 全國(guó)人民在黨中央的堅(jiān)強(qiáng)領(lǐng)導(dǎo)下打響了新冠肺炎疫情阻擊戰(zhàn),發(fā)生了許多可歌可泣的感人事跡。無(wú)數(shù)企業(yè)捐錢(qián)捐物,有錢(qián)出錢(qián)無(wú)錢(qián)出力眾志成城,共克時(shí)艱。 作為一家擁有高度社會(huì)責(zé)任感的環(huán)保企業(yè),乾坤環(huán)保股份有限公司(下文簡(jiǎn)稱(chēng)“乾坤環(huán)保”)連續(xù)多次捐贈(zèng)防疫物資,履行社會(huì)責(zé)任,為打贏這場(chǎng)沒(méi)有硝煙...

--

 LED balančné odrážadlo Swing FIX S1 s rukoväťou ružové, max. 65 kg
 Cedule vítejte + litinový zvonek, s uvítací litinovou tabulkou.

** What is being asked **
Within the material above, the line with "LED balančné odrážadlo" opens the range and the line with "Cedule vítejte +" closes it; reproduce that range word for word.

** Your solution **
 LED balančné odrážadlo Swing FIX S1 s rukoväťou ružové, max. 65 kg
 Cedule vítejte + litinový zvonek, s uvítací litinovou tabulkou.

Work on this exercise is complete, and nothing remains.